The Mayan temples, also known as pyramids, were made as early as 300 B.C. and lasted until about 900 A.D. They are found on the Yucatan Peninsula, in Mexico, Belize, Guatemala, Honduras and El Salvador. They were the highest known structures in the Americas before the Europeans and were built around broad plazas and courtyards. Many times over centuries, Mayan temples have been torn down and re-built or new bigger ones have been built over existing structures. Most of the Mayan temples serve as burial monuments and tombs of royalty were placed within or beneath them.
Some of the temples have almost vertical walls, which gives the appearance of an even greater height and the stairs do not show any lateral support, which leads to the belief that the temples are higher than they really are. The first temple, Cerros, was made by: white earth was laid down; shattered pottery was put into the earth; flowers from fruit trees were added, as an offering and hard, flat stones were formed into the foundation. The bottom was built on top of these rocks, the hollow walls were built on top of this and the walls were filled with earth, pottery and limestone. The limestone found in nearby quarries, was used to form the rectangular building blocks, to construct their temples walls.

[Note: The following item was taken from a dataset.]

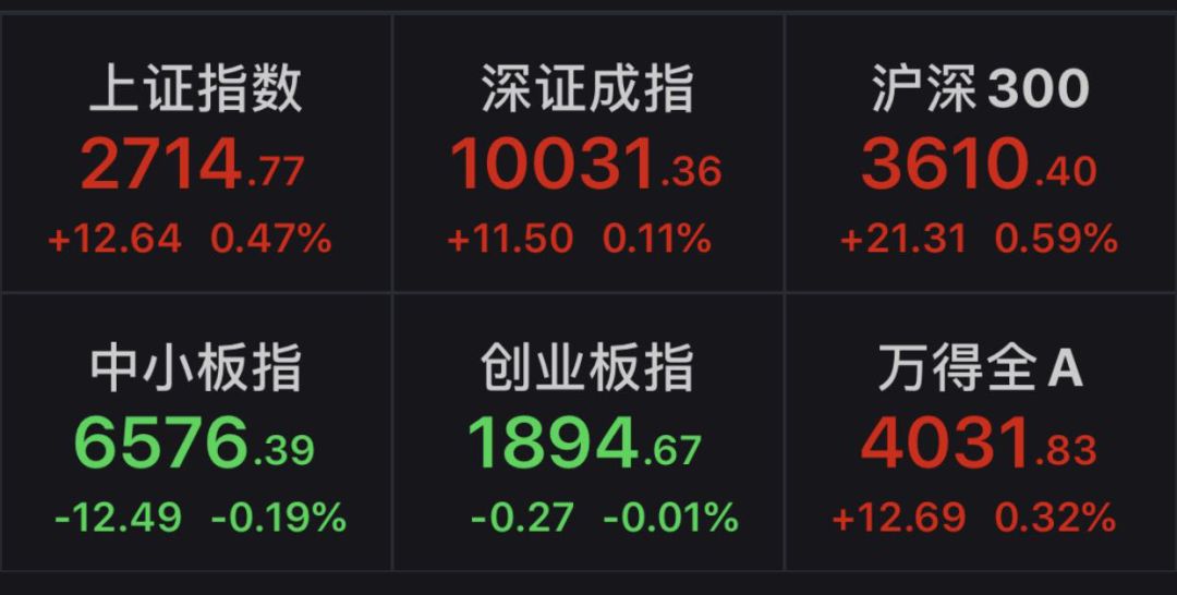 Wind数据显示,截至午间收盘,上证指数上涨0.47%,报2714.77点;深证成指上涨0.11%,报10031.36点;创业板指下跌0.01%,报1894.67点。

Some of the architectural feats that the Mayan accomplished were: the honeycombed roofcomb or the Mayan equivalent of the billboard and the corbel arch, also known as the corbel vault, false arch or the Mayan arch. Made by placing each successive building block closer to the center, until they closed in at the top. This gave the Mayan arch the appearance of a triangle. During the Classic Mayan period, most of the temples had one or more rooms, but were too narrow to be used for anything other than ceremonies. One of the temples in Palenque has a hidden stairway, which leads to a twisting tunnel and at the top are hieroglyphic panels of Pakal history.
Chac, the big nosed rain god. On a temple in Kabah, one of Mayans major cities. Many of these temples are decorated with wall paintings, mosaics and detailed art and largely covered with painted stucco reliefs. Doorways, doorjambs and facades are ornamented with bright, heavy carvings, made with stone or wood. A very fine paste, made with lime and a small amount of sand, called stucco, was applied to stone supports, on walls ceilings, crests and the front of temples. The inside of some temples were covered with stucco and painted. Painted plaster was applied to the roof comb, as decoration.

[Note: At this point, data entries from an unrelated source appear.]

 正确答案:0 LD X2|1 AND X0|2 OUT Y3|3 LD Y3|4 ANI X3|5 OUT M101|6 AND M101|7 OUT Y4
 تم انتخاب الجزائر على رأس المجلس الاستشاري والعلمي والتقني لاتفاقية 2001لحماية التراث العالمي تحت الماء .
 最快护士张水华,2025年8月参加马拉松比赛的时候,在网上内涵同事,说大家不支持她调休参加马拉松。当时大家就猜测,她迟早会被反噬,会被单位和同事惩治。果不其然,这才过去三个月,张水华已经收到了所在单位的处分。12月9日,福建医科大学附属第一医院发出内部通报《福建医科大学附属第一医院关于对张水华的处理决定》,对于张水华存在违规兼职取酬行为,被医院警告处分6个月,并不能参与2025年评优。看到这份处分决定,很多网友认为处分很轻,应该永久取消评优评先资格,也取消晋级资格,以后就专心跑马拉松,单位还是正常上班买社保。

The Great Plaza, consisting of temple 1, temple 2, the North Acropolis and the Palace Reservoir, is the main Mayan tourist attraction. To the north, there are ten pyramid basements, which are built to the west and east of their platforms center. Mayan nobles and priests used the temples for religious ceremonies, while the cities people would watch from the plaza below.

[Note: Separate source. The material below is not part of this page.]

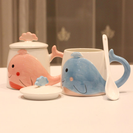 创意个性马克杯带盖带勺可爱潮流陶瓷杯清新简约情侣卡通大肚杯子

Castillo Temple, built on a cliff. Close to Chetumal, the capital of Quintana Roo state, on the Mexican southeast Caribbean coast. Part of the six-meter high wall, around Tulum city, the modern name for Zamá (last sunrise). One of the commercial ports, which the Mayan had around the southeast coast of the Yucatán peninsula.
The Temple of the Great Jaguar (temple 1), in Tikal city, is 145 ft. tall. It was built beside the Great Plaza, in 700 A.D. Thought to be named this, because of a motif on a carved lintel. The jaguar was the Mayan rulers symbol for the divine right of kings. This temple consists of nine, steep sloping terraces and has three rooms. One side of this temple has been partially restored. The top was originally plastered white and painted to make the decorative carvings more prominent. The roof comb portrayed the king on his throne and King Hasaw Chank'awil's tomb was found within a vaulted chamber inside. His corpse was wearing 180 items of jade and surrounded in pearls, alabaster, pottery and shells. His son is buried under another temple, 100 yards diagonally from this one.
Some of the Mayan temples, such as the Temple of the Great Jaguar (above-1957), have been excavated and restored, but many are still overgrown.
Temple of the Masks, in Tikal city, is 125 ft. tall. It is the second most famous tower and is across from the Temple of the Great Jaguar.
Chichen Itza, dedicated to the cult of the feathered serpent deity. Designed so that the light and shadow from each equinox, would form a serpent on the steps. (My favorite temple.)
Pyramid of the Wizard/soothsayer, is found in Uxmal, in northern Yucatan. It is 114 feet tall and was made during five different building periods. The pyramid has a slanted talus and a huge oval shaped basement, divided into four sections. The two staircases are lined by carved stone masks and the pyramid is gloomily decorated. It was named after a legend about a dwarf whose soothsaying skill helped him to become king and he supposedly built this pyramid.
The Pyramid of the Magician, seen high above the tropical rainforest canopy. Built 125 ft. tall, on top of a large oval platform and comprised of five separate, stacked parts. The entrance to the upper level is through a monster-mask doorway.